Food systems research—and more generally, policy and development research—often relies on structured surveys, administrative data, or experiments. While these approaches yield valuable quantitative insights, they tend to miss critical qualitative dimensions. One useful qualitative approach is open-ended interview questions. When such responses are collected in participants’ native languages, they can provide rich and nuanced information—for example, on the complex local challenges smallholder farmers face.

However, analyzing free-form text can be costly, time-consuming, and inconsistent across analysts. These challenges become even more pronounced when responses are in local or less widely spoken languages.

Recent advancements in generative artificial intelligence, especially large language models (LLMs), offer promising solutions to these challenges. LLMs, the technology behind many current AI applications, enable faster, cheaper, and potentially more consistent analysis of qualitative data. Such models are trained to generate coherent responses drawing on large datasets of text harvested from the internet.

Yet English language text predominates in most LLM training datasets, while other languages remain underrepresented. Thus, such AI tools may not work well with text in local languages. This raises an important question: Can these models effectively overcome this obstacle and support food systems research in low- and middle-income countries?

Our work suggests the answer is yes, with some important caveats. We designed an experiment to evaluate how well different LLMs classify Swahili text—here, identifying occupational categories from interview responses—finding that they matched human-coded labels with roughly 80%-87% accuracy, though they still require human supervision and other precautions.

Our approach

While Swahili is spoken by over 100 million people across East Africa, the language has a relatively small digital footprint. The combination of widespread use and limited online representation makes Swahili ideal for testing LLMs on so-called lower-resource languages—defined as having little labeled and unlabeled language data available for training, and with available data not sufficiently representing the language and its sociocultural context.

Using phone survey data from Tanzania, we tested the capabilities of OpenAI’s GPT-3.5, GPT-4, and GPT-4o, Anthropic’s Claude 3.5 Sonnet and Haiku, and open-source models from Mistral. All models were accessed via APIs (application programming interfaces). To benchmark the LLMs (i.e., provide a baseline comparison with older, established approaches), we also tested a smaller, Swahili-only text-classification model. The dataset included 4,000+ open-ended responses describing respondents’ main jobs, which human coders had classified into 21 occupational categories. Each model was prompted to assign one of those categories to each response, and we measured accuracy as the share of cases where the model’s label matched the human-coded occupational category.

We compared two strategies for prompting: Zero-shot (asking for classification without providing examples) and few-shot (with a few labeled examples) (Figure 1). We also used “function calling”—a feature of the OpenAI API that constrains the output format—allowing the model to respond using only predefined labels.

Figure 1

^{Note: English translation for “kilimo cha mazao” is “farming crops”; “kilimo cha mahindi, maharage” is “corn and bean farming”
Source: Authors}

We selected occupation coding as a proof-of-concept. While many surveys use pre-coded lists, large-scale household and census surveys often collect open-ended responses to preserve nuance, capture diverse job titles, and enable flexible post-coding. Similarly, in rapid phone surveys, such as the Tanzania case, enumerators often record verbatim responses because it is impractical to go through a long list of occupations. These must then be manually coded, which preserves detail but shifts the burden downstream and creates the very bottleneck LLMs can help resolve.
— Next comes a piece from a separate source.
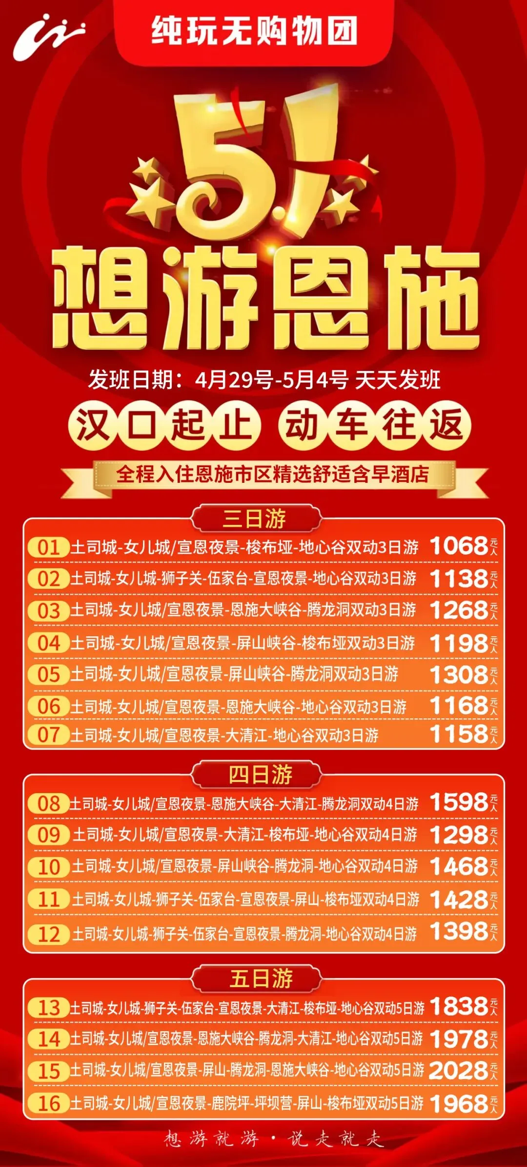 2026年五一假期湖北周边旅游计划|五一汽车游|汽车1日游|汽车2日游|汽车3日游|动车火车旅游|武汉出发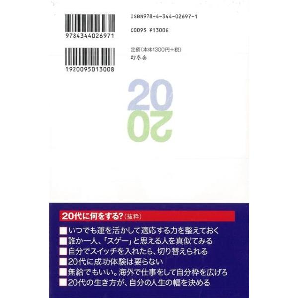 【商品基本情報】 商品名称:20代に何をする?-メンター的起業家に訊く | |

The same logic applies to other open-ended questions, such as those on climate impacts, livelihoods, or attitudes, where standardized pre-coding is often not feasible.

How language models make sense of text: Understanding embeddings

To understand how language models interpret survey responses, we examined how they organize meaning internally. The model converts all terms in a body of text—for example, “coffee farming”—into high-dimensional vectors called embeddings. Responses that share meaning (i.e., are semantically similar) produce vectors that lie close together in this space, while very different ideas land farther apart. For example, “coffee farming” and “corn farming” are semantically closer than “coffee farming” and “teacher.”
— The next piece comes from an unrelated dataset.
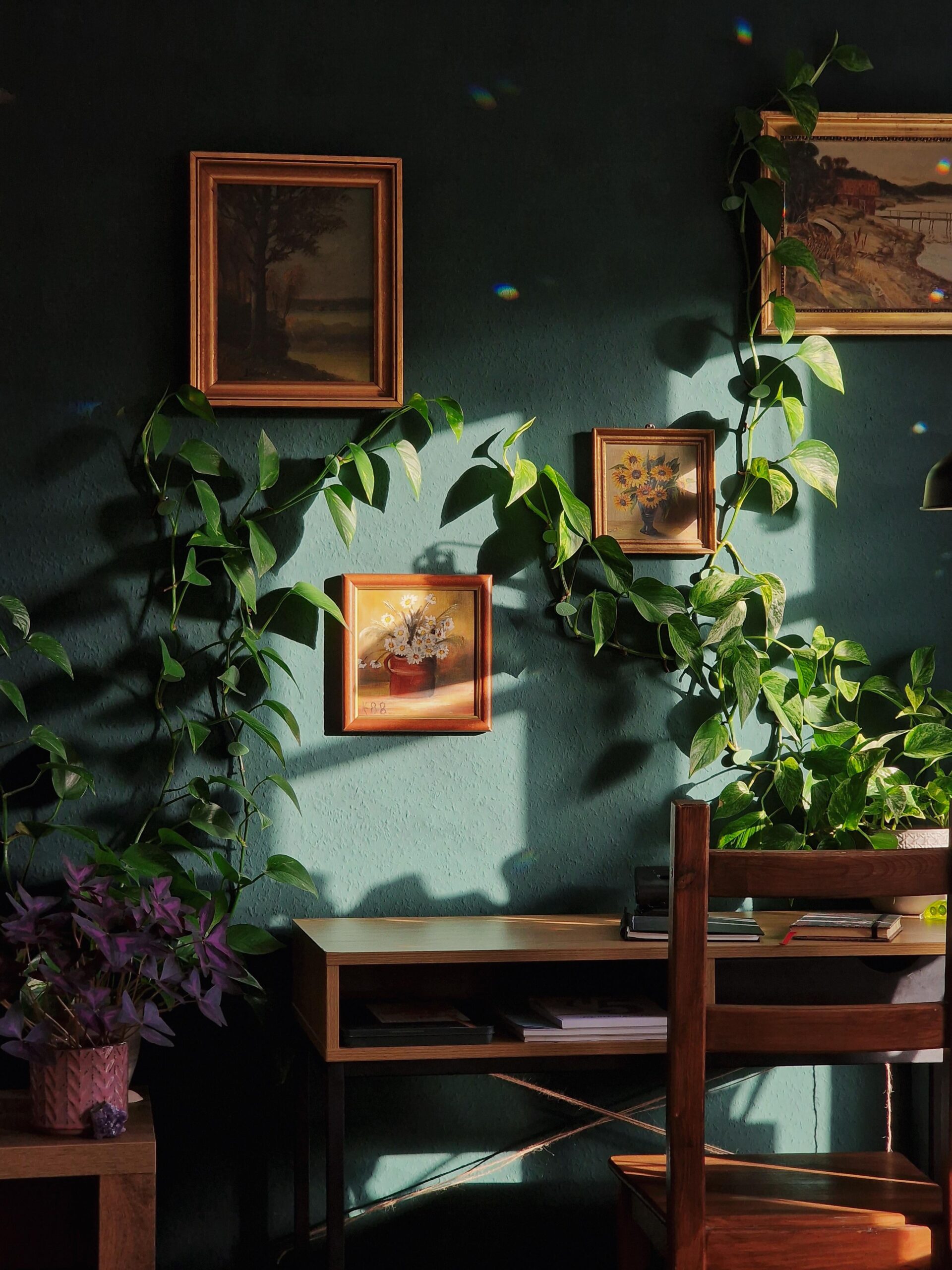 Pothos ‘Aurea’ and ‘Marble Queen’ on my wall

To visualize this, we projected the embeddings onto a two-dimensional surface (Figure 2).

Figure 2

^{Note: Embeddings were generated using a BERT-based model and reduced to two dimensions using t-SNE for visualization.
Source: Authors}

In the plot, each dot is a Swahili job description, colored by the occupation assigned by a human coder. Clusters of the same color suggest the model sees those responses as semantically similar. For example, many blue dots representing occupations in the agriculture sector appear together. Mixed or overlapping colors indicate ambiguity, such as “selling chickens,” which could belong to retail or agriculture. Isolated dots often represent short or unusual replies that lack enough context for clear classification.

How well did the models perform?

Overall, the language models matched the human-assigned job categories in 80-87% of cases (Figure 3). Claude 3.5 Sonnet and OpenAI’s GPT-4 performed best, especially with a few labeled examples. GPT-3.5 and Claude Haiku also performed well, while GPT-4o showed slightly lower accuracy. Mistral models, though smaller and less specialized, improved significantly with few-shot prompts after weaker zero-shot results.
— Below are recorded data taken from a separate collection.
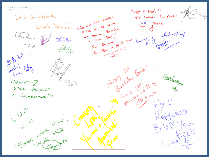 Thanks to Francois Compion for deciding to whip out his iPad and get people’s signatures. What a groovy idea! Least it kept him off my LC pullscreen which he got very attached to. 😉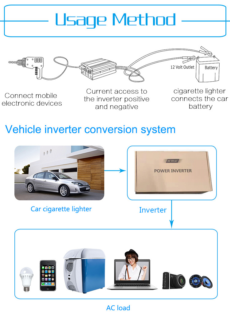 A: Take a battery with 12V/50AH as an example. Power equal current plus voltage then we know the power of battery is 600W. 12V*50A=600W. So we can choose a 600W power inverter according this theoretical value.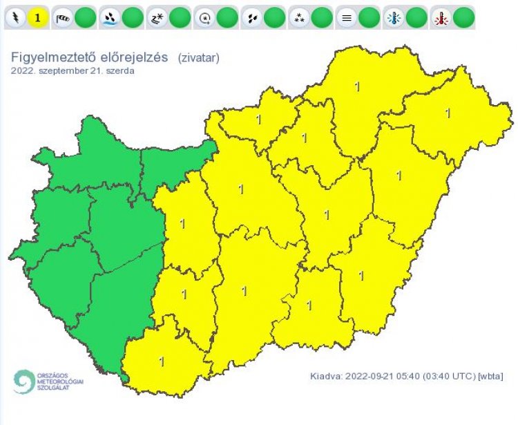 Késő délutánra fátyolfelhőzet sodródik be északkelet felől. A Dunától keletre elszórtan lehetnek záporok, néhol zivatarok, máshol elvétve lehet csapadék. Az északnyugati, északi szél élénk, a Nyugat-Dunántúlon erős lesz, emellett zivatarok környezetében is előfordulhatnak erős lökések.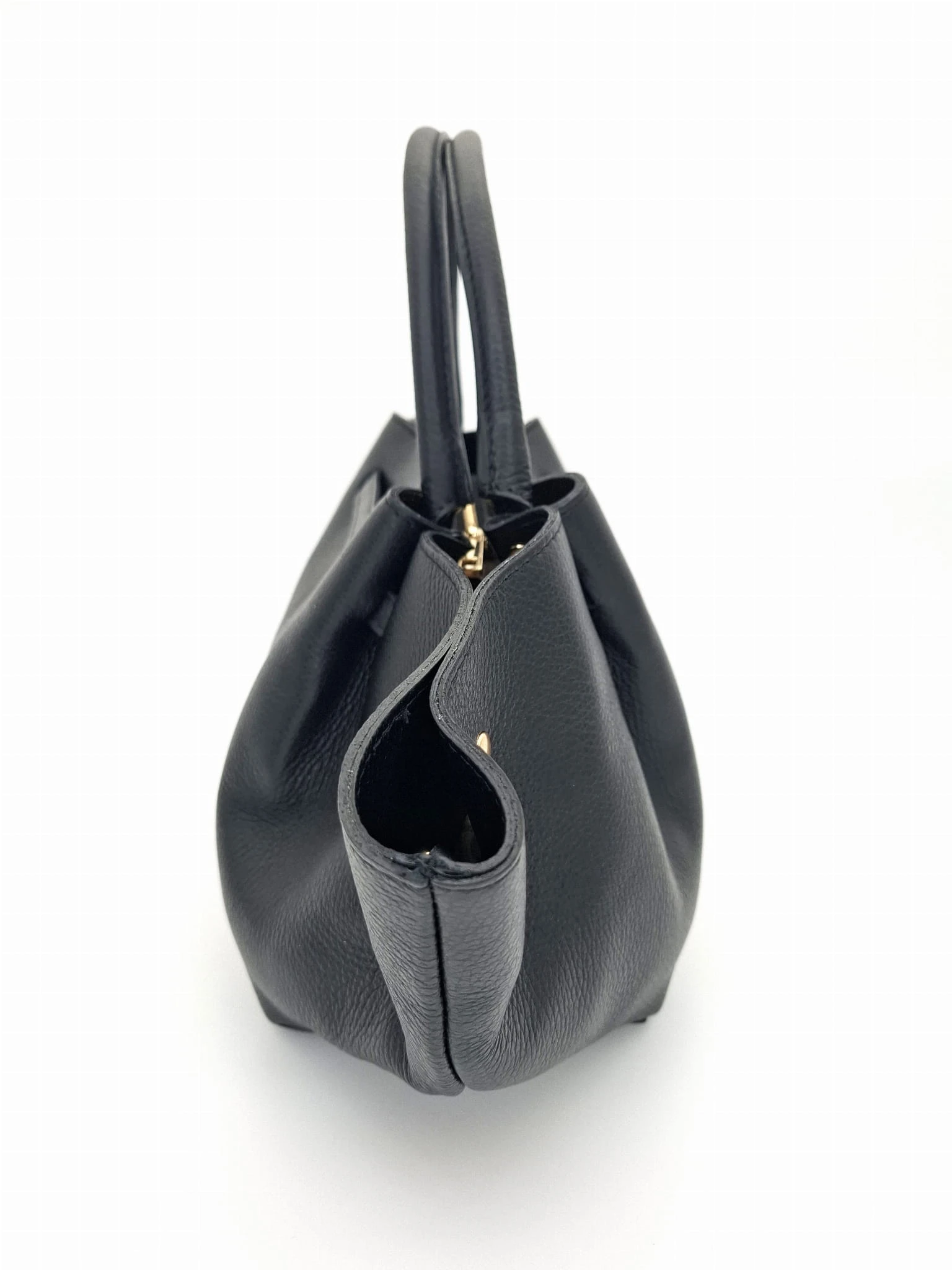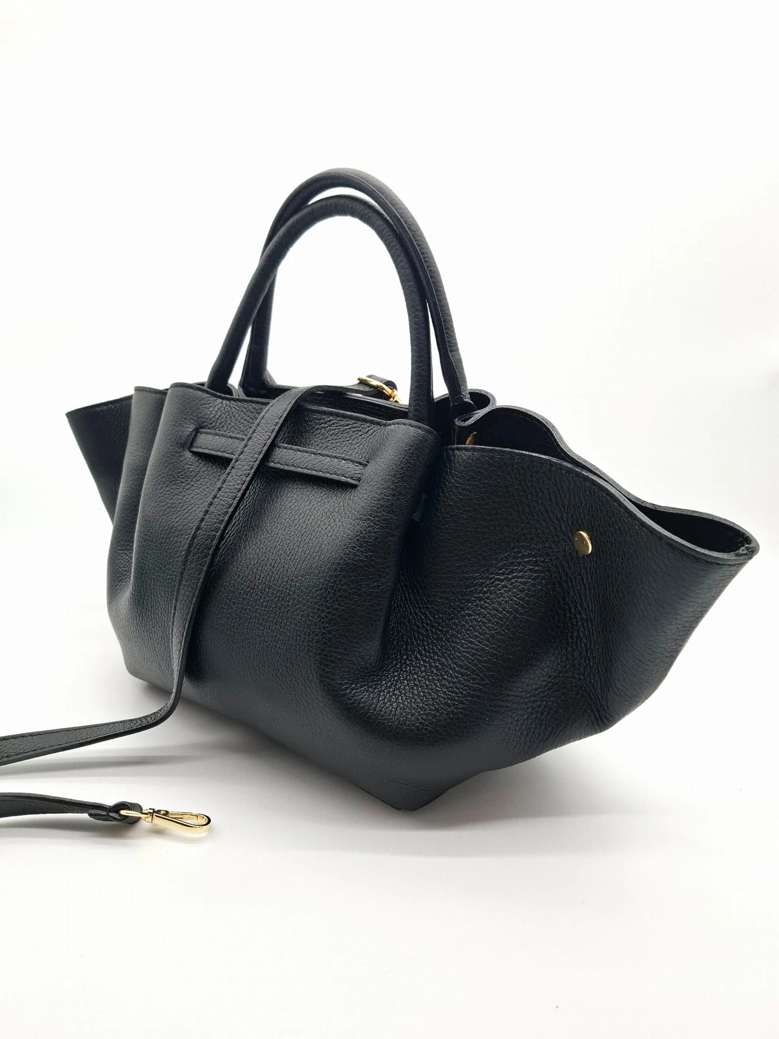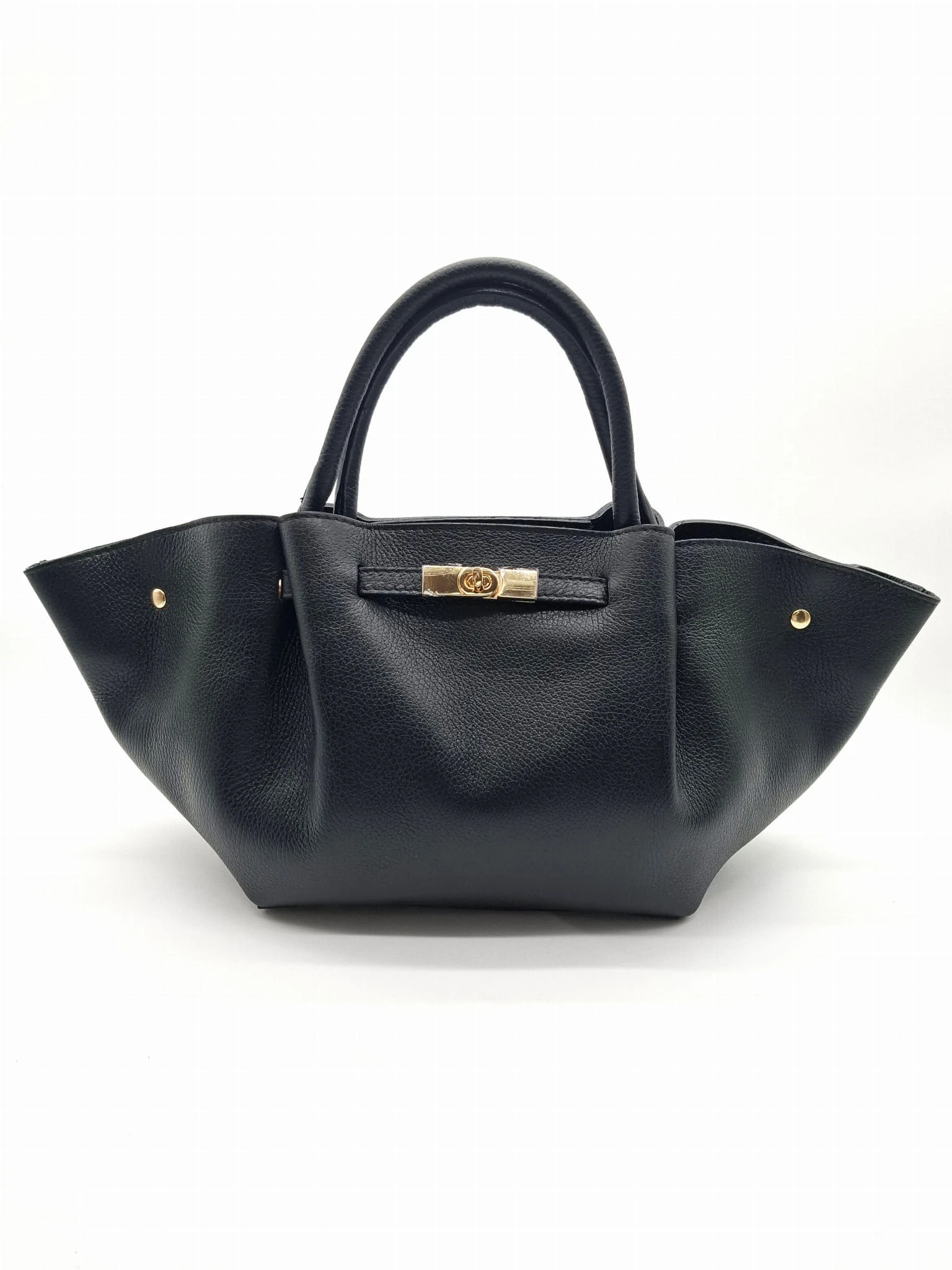 Włoska czarna torebka skórzana shopper nietoperzyk Tessa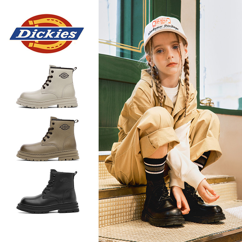 dickies童鞋儿童马丁靴男童2026新款春季男孩子黑色真皮靴子女童

The model we used as a benchmark achieved even higher accuracy (89.3%), but unlike LLMs that can be applied across many languages and tasks, it was specifically adapted to Swahili and trained on labeled examples, and thus may not generalize as well.

Figure 3

^{Source: Authors}

Where did the models make mistakes?

Interpreting informal, open-ended responses is inherently challenging. Many included local expressions or context-dependent phrasing. Human coders often rely on additional information, such as tone, follow-up questions, or related survey modules, to assign categories accurately. LLMs, however, process each response in isolation, limiting their ability to correctly classify ambiguous or nuanced replies.

Most errors occurred when:

Responses were short or ambiguous, providing too little information.
Jobs could belong to multiple categories, for example, “selling chickens” might be labeled as either agriculture or retail.
Longer answers contained extra details that confused the model.

Few-shot prompting improved accuracy but could not fully resolve these challenges. As the examples in Table 1 show, human coders often relied on additional context that the models could not access.

Implications for research and practice

Our findings highlight both the promise and limitations of using LLMs to code open-ended survey responses. These models can process thousands of answers in minutes, significantly reducing manual effort. However, they still struggle with ambiguous or context-dependent replies that a human interviewer would clarify in conversation.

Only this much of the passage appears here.